* [Extracted data entries]
● ● ● ● ●
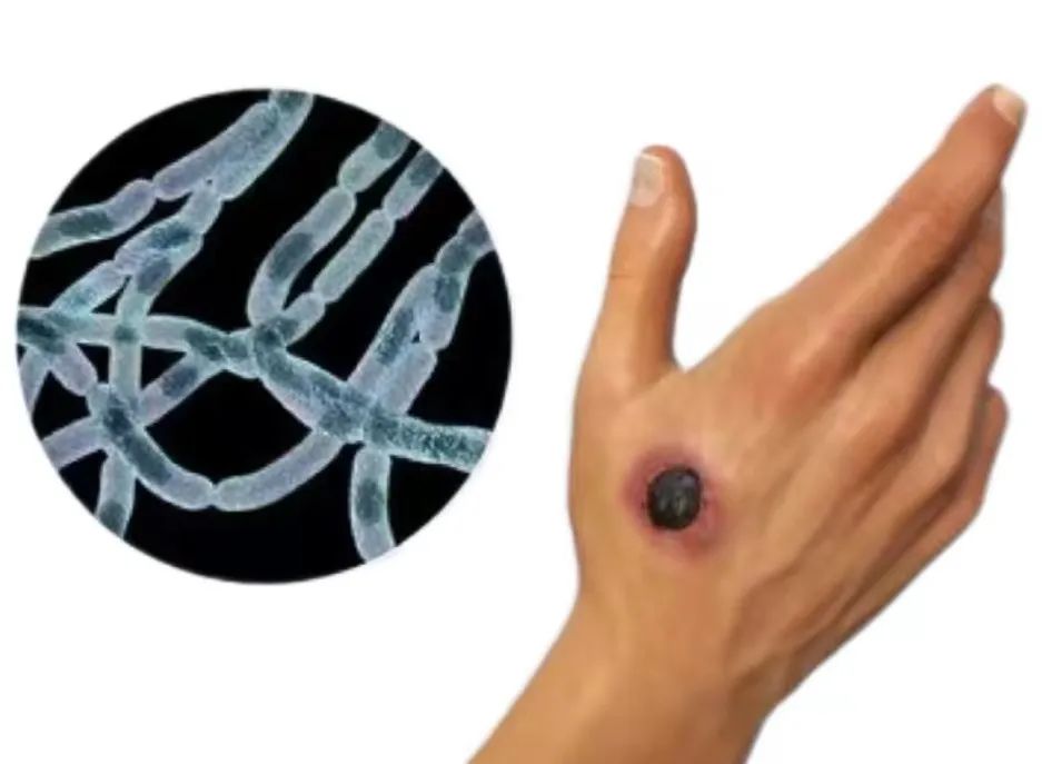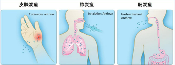 炭疽根據(jù)感染途徑分為皮膚炭疽、肺炭疽、腸炭疽等類型。
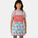 Un tablier mignon et sucré qui présente un motif délicieux et ludique de petites fraises éparpillées sur un arrière - plan bleu ciel doux. Les fraises sont rendues dans un rouge vif avec des feuilles verts, et elles sont entrecoupées de petites fleurs de fraises blanches ou jaunes clairs, ce qui ajoute au charme. L'ensemble est gai, frais et sucré, idéal pour les enfants. Le nom est personnalisable.
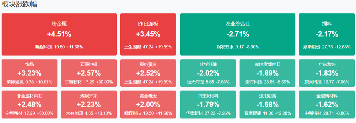 板块方面,黄金、固态电池、创新药、煤炭等板块涨幅居前,化学纤维、PEEK材料、AI语料、可控核聚变等板块跌幅居前。截至收盘,沪指涨0.21%,深成指涨0.44%,创业板指涨0.83%。
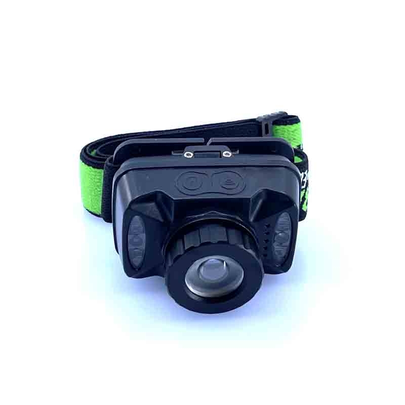 Čelová LED lampa se zabudovaným akumulátorem a se snímačem pohybu.
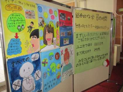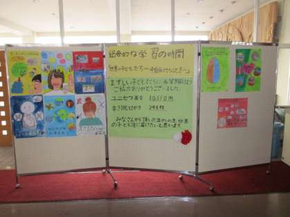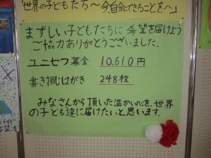 児童玄関にて、ユニセフ募金、書き損じハガキの集計のお知らせをしています。たくさんの方にご協力いただきました。本当にありがとうございます。2月19日には、書き損じハガキの贈呈式も予定しています。5年生の子供たちの思いと、みなさんの善意を届けたいと思います。
● ● ● ● ●
* [Requirement] All the lines above are to be given again exactly as they read, with the pictures removed.

* [Answer for this exercise]
 炭疽根據(jù)感染途徑分為皮膚炭疽、肺炭疽、腸炭疽等類型。
 Un tablier mignon et sucré qui présente un motif délicieux et ludique de petites fraises éparpillées sur un arrière - plan bleu ciel doux. Les fraises sont rendues dans un rouge vif avec des feuilles verts, et elles sont entrecoupées de petites fleurs de fraises blanches ou jaunes clairs, ce qui ajoute au charme. L'ensemble est gai, frais et sucré, idéal pour les enfants. Le nom est personnalisable.
 板块方面,黄金、固态电池、创新药、煤炭等板块涨幅居前,化学纤维、PEEK材料、AI语料、可控核聚变等板块跌幅居前。截至收盘,沪指涨0.21%,深成指涨0.44%,创业板指涨0.83%。
 Čelová LED lampa se zabudovaným akumulátorem a se snímačem pohybu.
 児童玄関にて、ユニセフ募金、書き損じハガキの集計のお知らせをしています。たくさんの方にご協力いただきました。本当にありがとうございます。2月19日には、書き損じハガキの贈呈式も予定しています。5年生の子供たちの思いと、みなさんの善意を届けたいと思います。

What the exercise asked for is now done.